→ **Your goal**: Reproduce every entry word for word. Drop all pictures from the copy.

====== Dataset excerpts

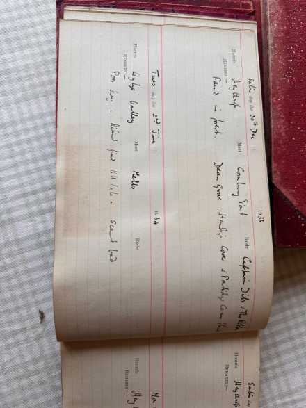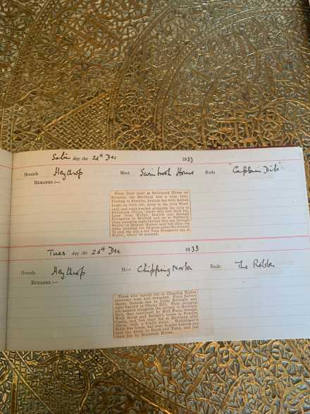 The fascinating Hunting Diaries of Arnie Butler, Grandfather of Rose from Lower Farm, Ramsden dating from 1891 and diaries from her father Robert Arnold Philip Butler, known as Johnny, dating from 1910.
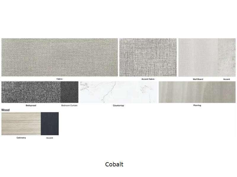 Sleeps 4 Slides 2 Length 31 ft Ext Width 8 ft Ext Height 11 ft 5 in Int Height 7 ft Interior Color Cobalt Exterior Color White Hitch Weight 826 lbs GVWR 10400 lbs Dry Weight 7479 lbs Fresh Water Capacity 60 gals Grey Water Capacity 49 gals Black Water Capacity 49 gals Tire Size 225/75R15E Furnace BTU 30000 btu Available Beds Queen Refrigerator Type 12V Refrigerator Size 15 cu ft Convection Cooking Yes Cooktop Burners 3 Shower Size 30" x 36" Number of Awnings 1 Axle Weight 5200 lbs LP Tank Capacity 30 lbs Water Heater Capacity 10 gal AC BTU 15000 btu TV Info LR Smart TV Awning Info 13' Electric w/LED Lighting Axle Count 2 Number of LP Tanks 2 Shower Type Standard Electrical Service 50 amp Similar Floorplans
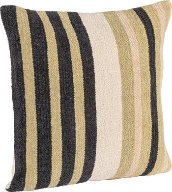 Square Woven Cotton Blend Chenille Pillow with Stripes, Multicolor
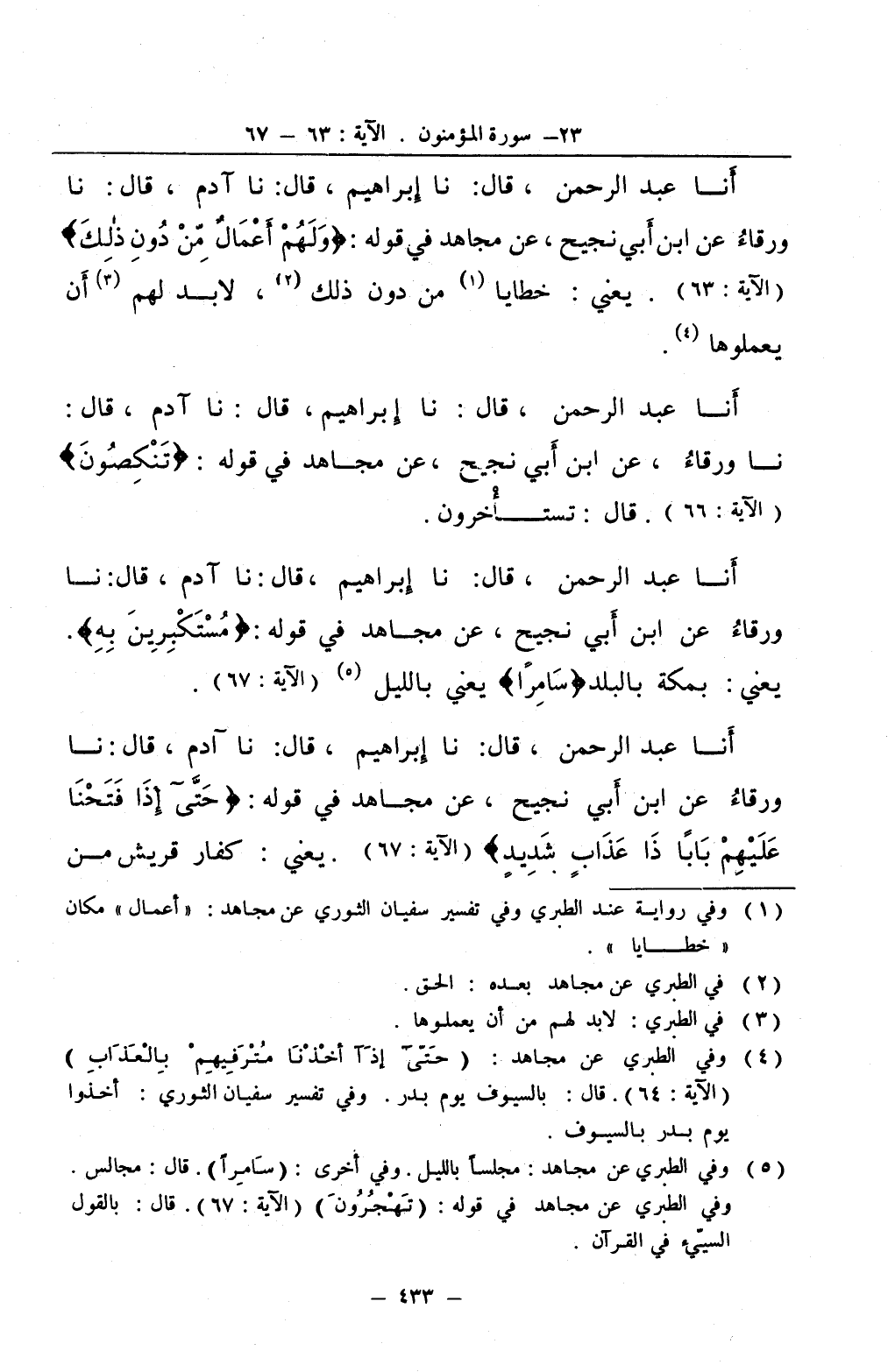 انا عبد الرحمن قال نا إبراهيم قال نا آدم قال نا ورقاء عن ابن أبي نجيح عن مجاهد في قوله مستكبرين به يعني بمكة بالبلد سامرا يعني بالليل 5
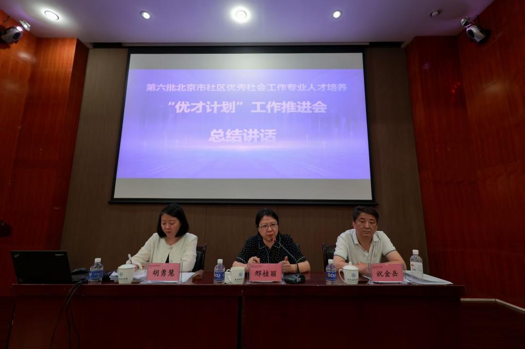 7月23日,第六批北京市社區優秀社會工作專業人才培養(“優才計劃”)工作推進會暨專題培訓與督導會在我校航天城校區舉行,市委社會工作部五處負責人、各區委社會工作部相關負責人、各級專業督導以及第六批“優才計劃”學員共計240余人線下參會,我校社工專業團隊組成的“優才計劃”市級督導團參加會議。會議通過視頻展示、工作部署、經驗交流、專題督導、專項研討等形式,全面總結“優才計劃”五年來的實施成效,并對下一階段工作進行系統部署。
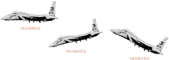 在爬升状态中,总的支持力是机翼的升力和发动机推力的合力。重力可以分解为两个分量:一个与升力反向;另一个与推力反向,也就是与阻力同向。结果就是四力的平衡状态下被旋转了一个爬升角。极限的情况就是垂直爬升,这时重力和阻力的方向与推力相反。这种飞行的例子常见于直升机,但是常规的固定翼飞行器,如果有足够的推力,它也是进行垂直爬升动作。在这种状态下,机翼的升力肯定为零,而且它的迎角也必须为零,这样才能不产生升力。因此,很明显的事实就是,想要爬升得更陡和更快就必须有强大的推力,机翼的作用是次要的,推力必须能够克服重力和阻力的合力。
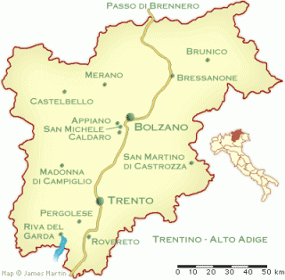 Region Trentino (Trydent) na południu odcina skalisty brzeg jeziora Garda. W tych okolicach położony jest jeden ze znanych rejonów wspinaczkowych Arco i to był powód moich odwiedzin winnych miejsc. Poznałam lokalne szczepy Teroldego Rotaliano, Marzemino, a z sąsiedniego Alto Adige spróbowałam Schiavy (inaczej Vernatsch), Lagrein.
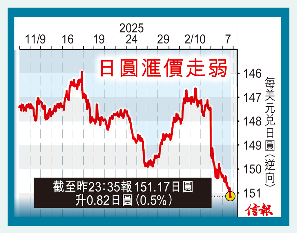 ... 就日圓滙率水平置評。日本央行加息預期降溫下,日圓兌每美元近期曾創8個月新低,周四報151.4,跌0.23%。 ...全文
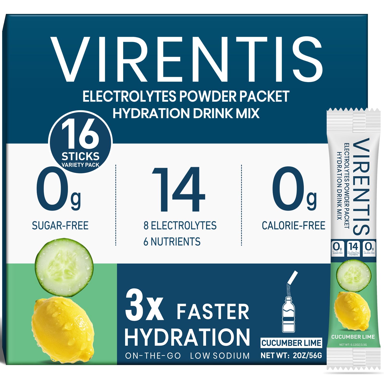 Convenient Use Friendly Service: Mix 1 stick pack with 16 oz of water to find your favorite taste, shake or stir until dissolved, ready to drink, iced is better taste. Warm Tips: Please add water first, then pour in the electrolytes powder packets shake or stir to dissolve faster! If you're not satisfied with our product, feel free to contact us anytime. We offer 24h service and can arrange for replacements or full refunds without the need for return. Portable Packets Easy to Use: The 16 sticks electrolyte packets with an independent portable packet design contains multiple flavors mixed pack. It is lightweight and adopting an easy to tear film packaging design, it can be torn open immediately and suitable for outdoor sports, travel, high-temperature operations, and other scenarios.It's the perfect addition to your travel essentials, cruise essentials, party favors. Say goodbye to the tired body with our cheers after hydrating. Multidimensional Nutrition Health Adaptation: The electrolytes powder no sugar can prevent dehydration,fatigue by high-intensity exercise, travel or busy work, which can quickly rehydrate, balance body fluids, speed up recovery and keep you energized.support cellular energy metabolism and regulate bodily functions. It is suitable for high-temperature environment workers such as firefighters and construction workers, as well as people who pursue a vibrant life. Cucumber Lime Flavor Deliciously Refreshing: Our hydration packets sugar free, Cucumber Lime Flavor. The taste is refreshing,neither sweet nor salty, Simultaneously meeting various dietary needs such as keto, vegetarian, and low-carbon water, non GMO, gluten free etc. Energy Supplementation Efficient Hydration: Our sugar free electrolytes that helps to replenish lost water in our body quickly. It contains essential 8 electrolytes and 6 nutrients like Sodium,Calcium, Potassium,Zinc,Magnesium,Niacin,Pantothenic Acid,Phosphorus,Manganese,Chloride,Vitamin C,Vitamin D,Vitamin B6,Vitamin B12.Achieve a hydration efficiency three times higher than ordinary water,relieving dehydration symptoms,supporting the body to quickly recover energy.

============

→ **Answer to this exercise**:
 The fascinating Hunting Diaries of Arnie Butler, Grandfather of Rose from Lower Farm, Ramsden dating from 1891 and diaries from her father Robert Arnold Philip Butler, known as Johnny, dating from 1910.
 Sleeps 4 Slides 2 Length 31 ft Ext Width 8 ft Ext Height 11 ft 5 in Int Height 7 ft Interior Color Cobalt Exterior Color White Hitch Weight 826 lbs GVWR 10400 lbs Dry Weight 7479 lbs Fresh Water Capacity 60 gals Grey Water Capacity 49 gals Black Water Capacity 49 gals Tire Size 225/75R15E Furnace BTU 30000 btu Available Beds Queen Refrigerator Type 12V Refrigerator Size 15 cu ft Convection Cooking Yes Cooktop Burners 3 Shower Size 30" x 36" Number of Awnings 1 Axle Weight 5200 lbs LP Tank Capacity 30 lbs Water Heater Capacity 10 gal AC BTU 15000 btu TV Info LR Smart TV Awning Info 13' Electric w/LED Lighting Axle Count 2 Number of LP Tanks 2 Shower Type Standard Electrical Service 50 amp Similar Floorplans
 Square Woven Cotton Blend Chenille Pillow with Stripes, Multicolor
 انا عبد الرحمن قال نا إبراهيم قال نا آدم قال نا ورقاء عن ابن أبي نجيح عن مجاهد في قوله مستكبرين به يعني بمكة بالبلد سامرا يعني بالليل 5
 7月23日,第六批北京市社區優秀社會工作專業人才培養(“優才計劃”)工作推進會暨專題培訓與督導會在我校航天城校區舉行,市委社會工作部五處負責人、各區委社會工作部相關負責人、各級專業督導以及第六批“優才計劃”學員共計240余人線下參會,我校社工專業團隊組成的“優才計劃”市級督導團參加會議。會議通過視頻展示、工作部署、經驗交流、專題督導、專項研討等形式,全面總結“優才計劃”五年來的實施成效,并對下一階段工作進行系統部署。
 在爬升状态中,总的支持力是机翼的升力和发动机推力的合力。重力可以分解为两个分量:一个与升力反向;另一个与推力反向,也就是与阻力同向。结果就是四力的平衡状态下被旋转了一个爬升角。极限的情况就是垂直爬升,这时重力和阻力的方向与推力相反。这种飞行的例子常见于直升机,但是常规的固定翼飞行器,如果有足够的推力,它也是进行垂直爬升动作。在这种状态下,机翼的升力肯定为零,而且它的迎角也必须为零,这样才能不产生升力。因此,很明显的事实就是,想要爬升得更陡和更快就必须有强大的推力,机翼的作用是次要的,推力必须能够克服重力和阻力的合力。
 Region Trentino (Trydent) na południu odcina skalisty brzeg jeziora Garda. W tych okolicach położony jest jeden ze znanych rejonów wspinaczkowych Arco i to był powód moich odwiedzin winnych miejsc. Poznałam lokalne szczepy Teroldego Rotaliano, Marzemino, a z sąsiedniego Alto Adige spróbowałam Schiavy (inaczej Vernatsch), Lagrein.
 ... 就日圓滙率水平置評。日本央行加息預期降溫下,日圓兌每美元近期曾創8個月新低,周四報151.4,跌0.23%。 ...全文
 Convenient Use Friendly Service: Mix 1 stick pack with 16 oz of water to find your favorite taste, shake or stir until dissolved, ready to drink, iced is better taste. Warm Tips: Please add water first, then pour in the electrolytes powder packets shake or stir to dissolve faster! If you're not satisfied with our product, feel free to contact us anytime. We offer 24h service and can arrange for replacements or full refunds without the need for return. Portable Packets Easy to Use: The 16 sticks electrolyte packets with an independent portable packet design contains multiple flavors mixed pack. It is lightweight and adopting an easy to tear film packaging design, it can be torn open immediately and suitable for outdoor sports, travel, high-temperature operations, and other scenarios.It's the perfect addition to your travel essentials, cruise essentials, party favors. Say goodbye to the tired body with our cheers after hydrating. Multidimensional Nutrition Health Adaptation: The electrolytes powder no sugar can prevent dehydration,fatigue by high-intensity exercise, travel or busy work, which can quickly rehydrate, balance body fluids, speed up recovery and keep you energized.support cellular energy metabolism and regulate bodily functions. It is suitable for high-temperature environment workers such as firefighters and construction workers, as well as people who pursue a vibrant life. Cucumber Lime Flavor Deliciously Refreshing: Our hydration packets sugar free, Cucumber Lime Flavor. The taste is refreshing,neither sweet nor salty, Simultaneously meeting various dietary needs such as keto, vegetarian, and low-carbon water, non GMO, gluten free etc. Energy Supplementation Efficient Hydration: Our sugar free electrolytes that helps to replenish lost water in our body quickly. It contains essential 8 electrolytes and 6 nutrients like Sodium,Calcium, Potassium,Zinc,Magnesium,Niacin,Pantothenic Acid,Phosphorus,Manganese,Chloride,Vitamin C,Vitamin D,Vitamin B6,Vitamin B12.Achieve a hydration efficiency three times higher than ordinary water,relieving dehydration symptoms,supporting the body to quickly recover energy.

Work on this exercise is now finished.